Using LLMs such as ChatGPT to help you write Splink code¶
We provide two files that summarise the Splink docs to help you use Splink with LLMs:
Concise Splink Documentation Summary - around 25,000 tokens
Comprehensive Splink Documentation Summary - around 90,000 tokens
At present, only the concise one is short enough for the ChatGPT GUI. The longer one fits in the Claude long context (200k tokens) model.
Recommended use¶
To use these files, we suggest copying and pasing their contents into the LLM, and then appending your question.
Alternative, if you're an OpenAI user, you can use the Splink 4 GPT, which includes these context files in their knowledge
For instance, you may paste their contents and then ask:
I have a dataset I want to dedupe using duckdb
It has columns full_name, dob, occupation, zip
Do some preparatory data cleaning and run a splink script to train a model and dedupe
Which results in (ChatGPT o1
model)
Click to see example response
import duckdb
from splink import Linker, SettingsCreator, DuckDBAPI, block_on
import splink.comparison_library as cl
# Load and clean data in DuckDB
con = duckdb.connect()
con.execute("""
CREATE TABLE raw_data AS SELECT * FROM read_csv('your_data.csv', HEADER=TRUE)
""")
# Example cleaning steps: lowercasing fields, removing punctuation from full_name, standardizing dob format
con.execute("""
CREATE TABLE cleaned AS
SELECT
regexp_replace(lower(full_name), '[^a-z ]', '', 'g') as full_name,
regexp_replace(dob, '[^0-9-]', '', 'g') as dob,
lower(occupation) as occupation,
regexp_replace(lower(zip), '[^a-z0-9 ]', '', 'g') as zip
FROM raw_data
""")
df = con.table("cleaned")
settings = SettingsCreator(
link_type="dedupe_only",
blocking_rules_to_generate_predictions=[
block_on("full_name"),
block_on("dob"),
block_on("zip"),
],
comparisons=[
cl.NameComparison("full_name"),
cl.DateOfBirthComparison("dob", input_is_string=True),
cl.ExactMatch("occupation").configure(term_frequency_adjustments=True),
cl.LevenshteinAtThresholds("zip", 2),
],
retain_intermediate_calculation_columns=True,
)
db_api = DuckDBAPI()
linker = Linker(df, settings, db_api=db_api)
deterministic_rules = [
"l.full_name = r.full_name and l.dob = r.dob",
"l.zip = r.zip and levenshtein(l.full_name, r.full_name) < 2"
]
linker.training.estimate_probability_two_random_records_match(deterministic_rules, recall=0.7)
linker.training.estimate_u_using_random_sampling(max_pairs=1e6)
linker.training.estimate_parameters_using_expectation_maximisation(block_on("full_name"))
linker.training.estimate_parameters_using_expectation_maximisation(block_on("dob"))
predictions = linker.inference.predict(threshold_match_probability=0.9)
clusters = linker.clustering.cluster_pairwise_predictions_at_threshold(predictions, threshold_match_probability=0.95)
Warning
Whilst these prompts can be helpful to give you some initial code, there's no guarantees it will be correct.

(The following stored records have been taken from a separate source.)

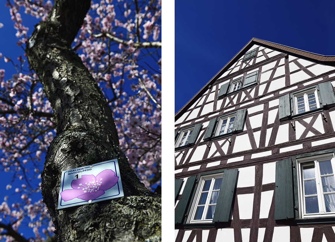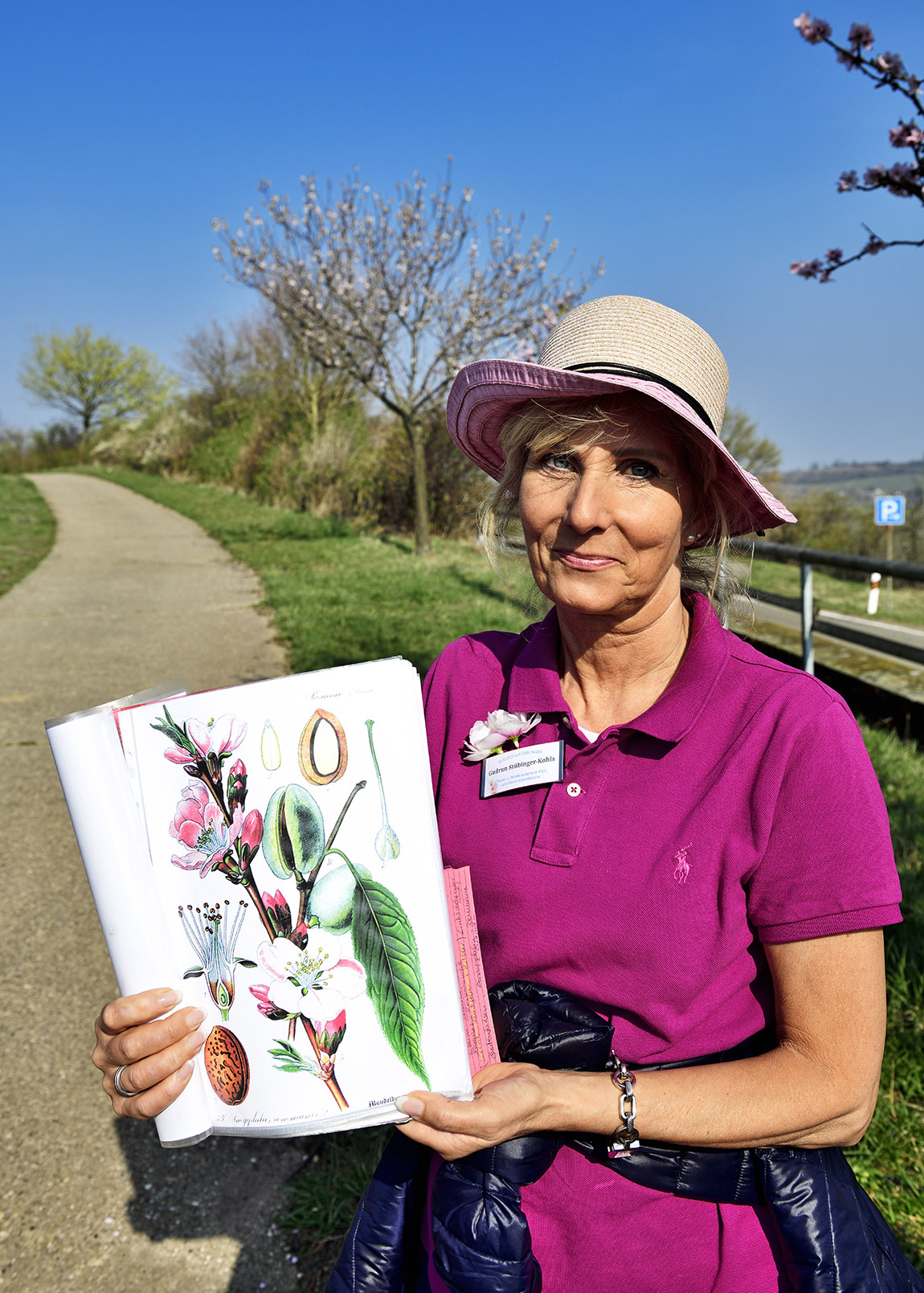 Inspired we drive a little south again to the Leinsweiler Hof to meet the culture and wine ambassador Gudrun Stübinger-Kohls there. Her almond tour starts under a sprawling almond tree in the parking lot of the wellness hotel. “The Mandelpfad was opened in March 2008 and initially ran from Maikammer to Leinsweiler. But it has been continuously expanded and today extends from Bad Dürkheim to the German Wine Gate near Silence-Rechtenbach on the border with Alsace,” she explains as she already plucks a few flowers from the tree and lets us sniff them. “There are around 30 types of almonds. The trees can live up to 60 years. Who knows what colour the bitter almond flowers are? White or pink?”
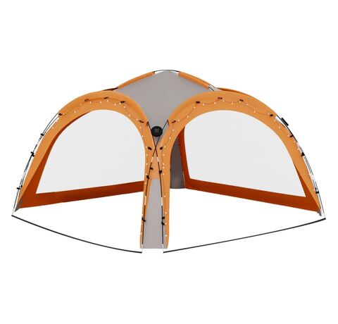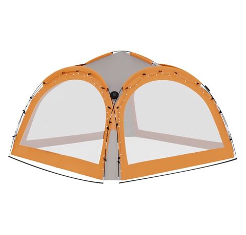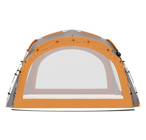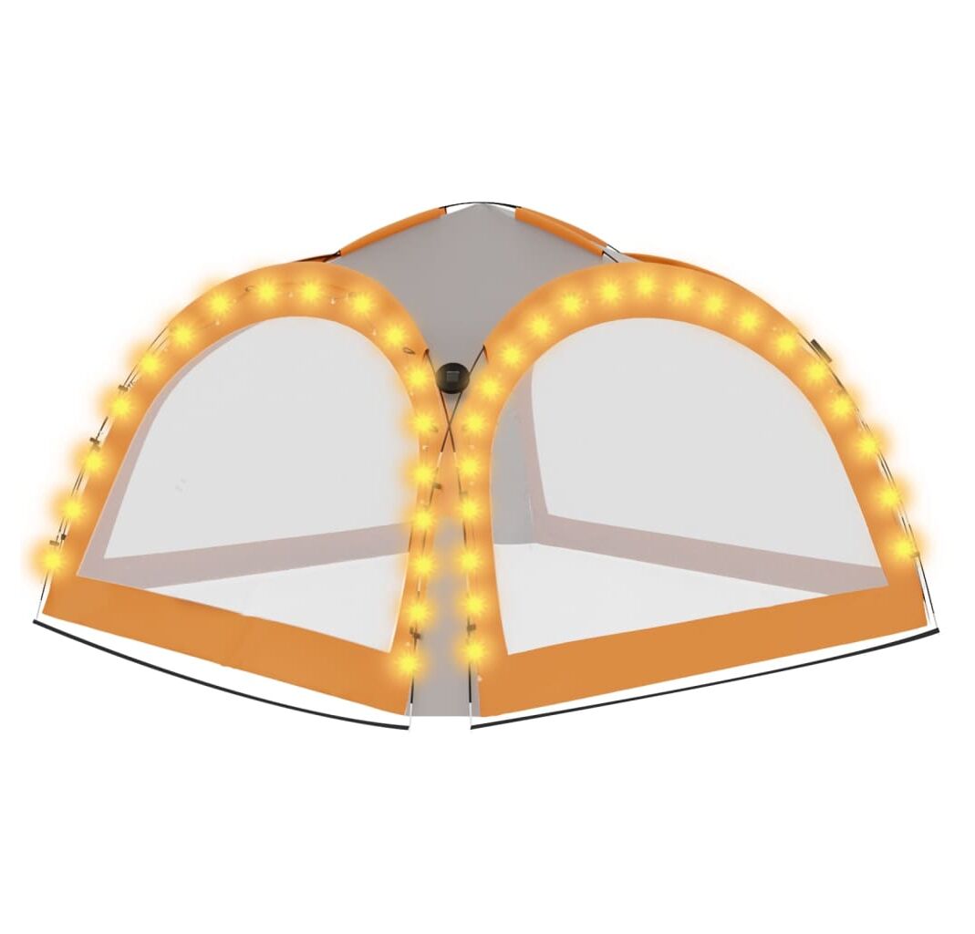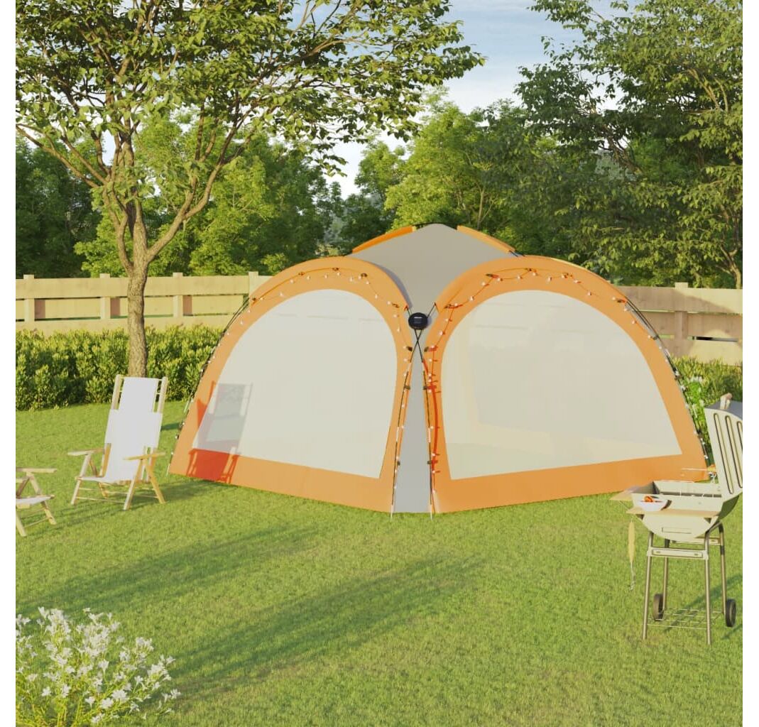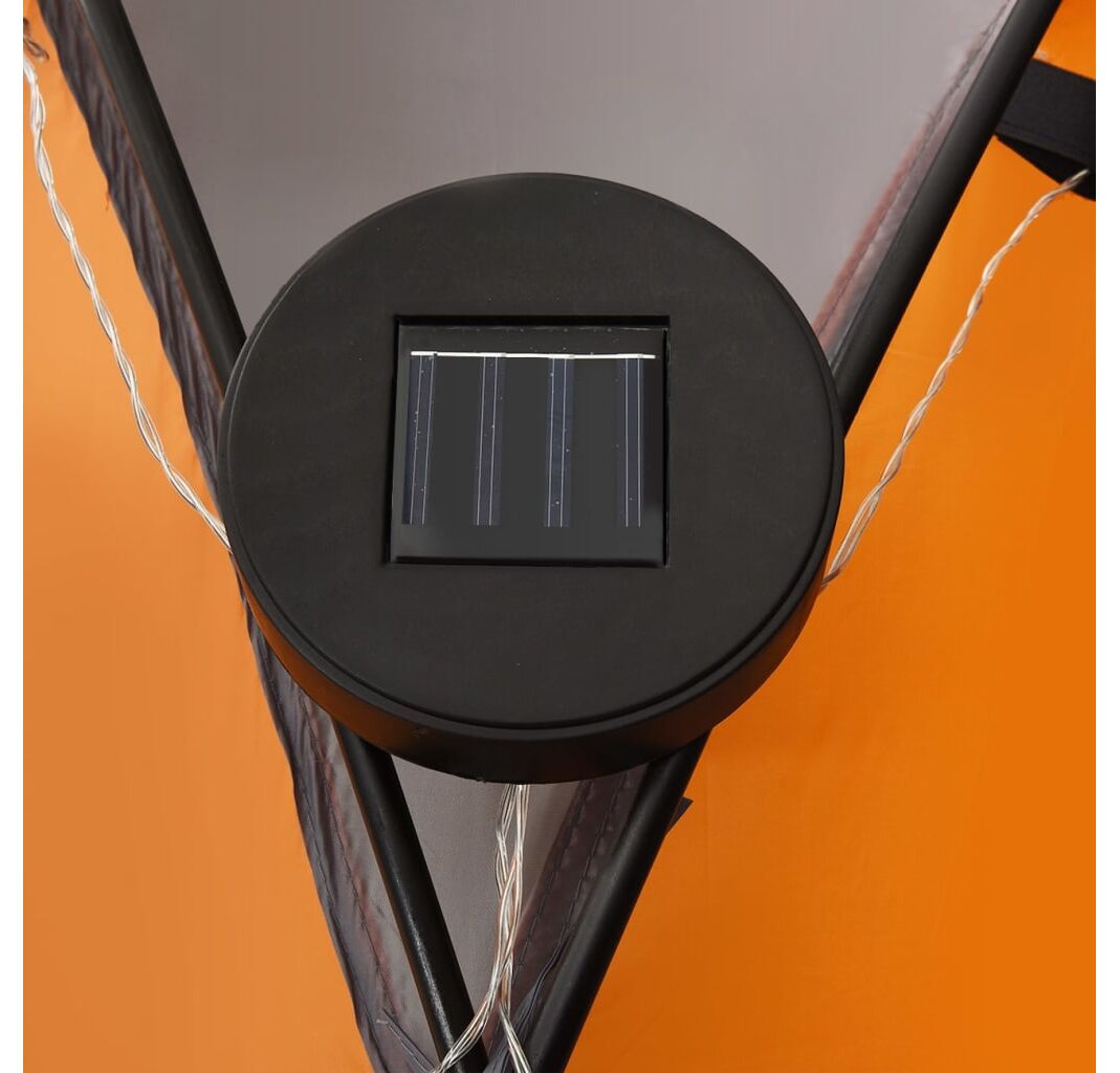 Cortul de petrecere este confecționat dintr-o țesătură de poliester 100% cu înveliș din PA, fiind rezistent la raze UV. Cadrul este fabricat din fibră de sticlă robustă, fiind rezistent la rugină și având greutate redusă. Cei patru pereți laterali tip „plasă de țânțari” oferă o protecție ideală împotriva tuturor tipurilor de insecte. Fiind prevăzuți cu fermoar, aceștia pot fi atașați în câteva secunde. În plus, iluminatul cu 96 LED-uri poate fi pornit și oprit manual cu ușurință, iar modulul solar furnizat încarcă bateria integrată în timpul zilei.
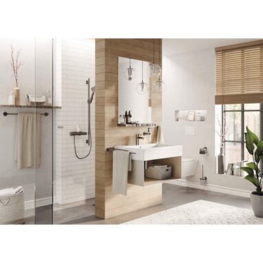 Finisajul grafit mat, în nuanța Gun Metal, conferă un aspect modern și sofisticat, integrându-se perfect în diverse stiluri de amenajare interioară, în special în încăperile umede.
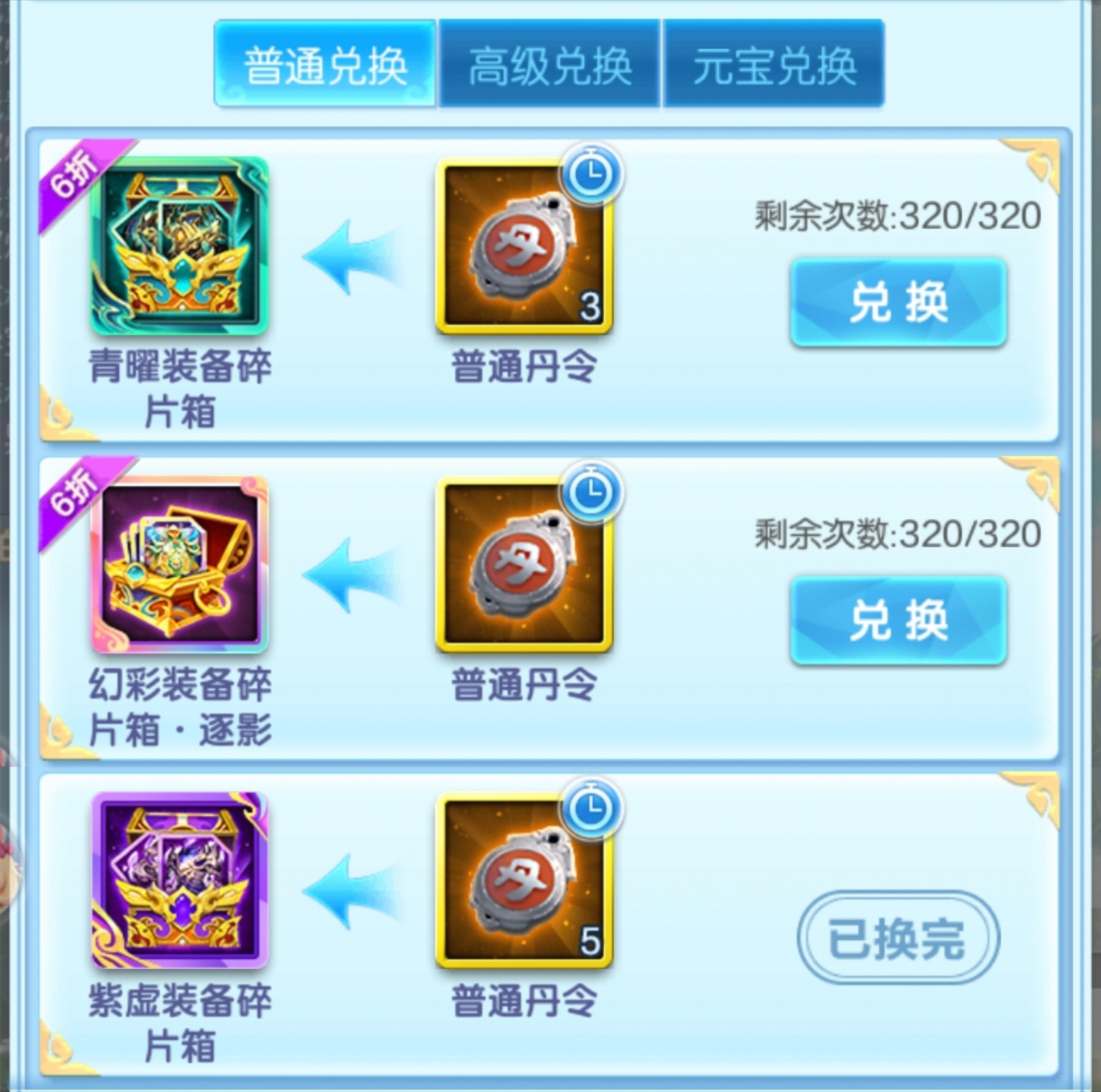 4个高级道具可兑换1个天书碎片

However, in many cases it can provide a useful starting point.
You can also ask more theoretical questions such as:
Explain briefly how we can calculate the prior in Splink. Given the number of matches is unknown, how can we calculate the probability two random records match? Give a code example.
Click to see example response
Splink typically uses a set of deterministic rules that identify a subset of highly probable matches. By assuming these rules have a known “recall” (i.e. they capture a certain proportion of all true matches), Splink infers the total number of matches and, from that, calculates the probability that two random records match. In other words, you pick deterministic rules, count how many pairs they produce, estimate what fraction of all true matches they represent, and then scale up that count to the entire dataset, giving you an approximate prior probability.
How these prompts are generated¶
These files are generated with the following scripts, which you may wish to modify for your purposes:
Create LLM Prompt Short Script
Issues and Discussions¶
I have also created a knowledgebase file by scraping all Github issues and discussions from the main Splink repo.
I've found Gemini Pro 1.5 (2 million context length) is able to process these files effectively.